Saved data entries
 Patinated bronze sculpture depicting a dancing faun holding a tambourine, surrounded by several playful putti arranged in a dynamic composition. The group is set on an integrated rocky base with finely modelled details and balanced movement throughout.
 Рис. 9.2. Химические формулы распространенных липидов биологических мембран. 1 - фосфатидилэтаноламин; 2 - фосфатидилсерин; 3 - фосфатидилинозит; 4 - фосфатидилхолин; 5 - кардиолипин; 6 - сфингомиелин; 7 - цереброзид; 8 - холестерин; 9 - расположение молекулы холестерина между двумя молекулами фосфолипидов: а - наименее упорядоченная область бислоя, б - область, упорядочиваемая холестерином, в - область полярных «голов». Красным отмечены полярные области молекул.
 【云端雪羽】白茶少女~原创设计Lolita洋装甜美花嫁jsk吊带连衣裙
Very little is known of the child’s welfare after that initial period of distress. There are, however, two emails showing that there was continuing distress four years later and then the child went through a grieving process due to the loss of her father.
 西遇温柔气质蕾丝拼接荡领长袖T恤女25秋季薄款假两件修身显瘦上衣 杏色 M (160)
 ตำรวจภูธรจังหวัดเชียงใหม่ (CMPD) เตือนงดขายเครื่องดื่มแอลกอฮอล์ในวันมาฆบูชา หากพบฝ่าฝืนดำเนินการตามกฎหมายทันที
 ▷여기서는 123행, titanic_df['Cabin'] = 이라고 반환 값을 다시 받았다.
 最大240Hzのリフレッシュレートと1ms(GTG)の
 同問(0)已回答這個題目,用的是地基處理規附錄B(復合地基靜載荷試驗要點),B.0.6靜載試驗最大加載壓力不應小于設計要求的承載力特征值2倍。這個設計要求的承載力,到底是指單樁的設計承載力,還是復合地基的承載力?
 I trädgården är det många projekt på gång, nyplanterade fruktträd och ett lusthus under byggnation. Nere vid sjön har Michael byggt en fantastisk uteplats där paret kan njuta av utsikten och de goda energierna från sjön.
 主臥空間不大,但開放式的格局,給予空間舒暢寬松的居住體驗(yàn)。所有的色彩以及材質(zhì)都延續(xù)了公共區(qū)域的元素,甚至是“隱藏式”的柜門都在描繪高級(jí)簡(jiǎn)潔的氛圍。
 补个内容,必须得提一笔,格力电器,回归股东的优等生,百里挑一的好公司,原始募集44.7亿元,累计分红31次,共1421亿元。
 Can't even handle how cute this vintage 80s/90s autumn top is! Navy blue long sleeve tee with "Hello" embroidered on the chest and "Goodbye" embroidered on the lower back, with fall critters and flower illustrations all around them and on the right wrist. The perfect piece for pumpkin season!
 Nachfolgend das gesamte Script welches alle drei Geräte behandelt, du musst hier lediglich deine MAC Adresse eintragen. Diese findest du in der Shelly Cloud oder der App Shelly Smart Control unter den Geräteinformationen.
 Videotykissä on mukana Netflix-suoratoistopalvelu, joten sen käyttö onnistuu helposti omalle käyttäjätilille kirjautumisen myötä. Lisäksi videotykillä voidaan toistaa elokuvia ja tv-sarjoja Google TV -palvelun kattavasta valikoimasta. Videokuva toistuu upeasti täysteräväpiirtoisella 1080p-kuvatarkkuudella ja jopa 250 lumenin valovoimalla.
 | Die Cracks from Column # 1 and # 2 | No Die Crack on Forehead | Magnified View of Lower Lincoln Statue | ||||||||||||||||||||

## What this task involves:
Repeat the data word for word, starting at its first line and stopping after the line that contains "最大240Hzのリフレッシュレートと1ms(GTG)の".

## Reply:
 Patinated bronze sculpture depicting a dancing faun holding a tambourine, surrounded by several playful putti arranged in a dynamic composition. The group is set on an integrated rocky base with finely modelled details and balanced movement throughout.
 Рис. 9.2. Химические формулы распространенных липидов биологических мембран. 1 - фосфатидилэтаноламин; 2 - фосфатидилсерин; 3 - фосфатидилинозит; 4 - фосфатидилхолин; 5 - кардиолипин; 6 - сфингомиелин; 7 - цереброзид; 8 - холестерин; 9 - расположение молекулы холестерина между двумя молекулами фосфолипидов: а - наименее упорядоченная область бислоя, б - область, упорядочиваемая холестерином, в - область полярных «голов». Красным отмечены полярные области молекул.
 【云端雪羽】白茶少女~原创设计Lolita洋装甜美花嫁jsk吊带连衣裙
Very little is known of the child’s welfare after that initial period of distress. There are, however, two emails showing that there was continuing distress four years later and then the child went through a grieving process due to the loss of her father.
 西遇温柔气质蕾丝拼接荡领长袖T恤女25秋季薄款假两件修身显瘦上衣 杏色 M (160)
 ตำรวจภูธรจังหวัดเชียงใหม่ (CMPD) เตือนงดขายเครื่องดื่มแอลกอฮอล์ในวันมาฆบูชา หากพบฝ่าฝืนดำเนินการตามกฎหมายทันที
 ▷여기서는 123행, titanic_df['Cabin'] = 이라고 반환 값을 다시 받았다.
 最大240Hzのリフレッシュレートと1ms(GTG)の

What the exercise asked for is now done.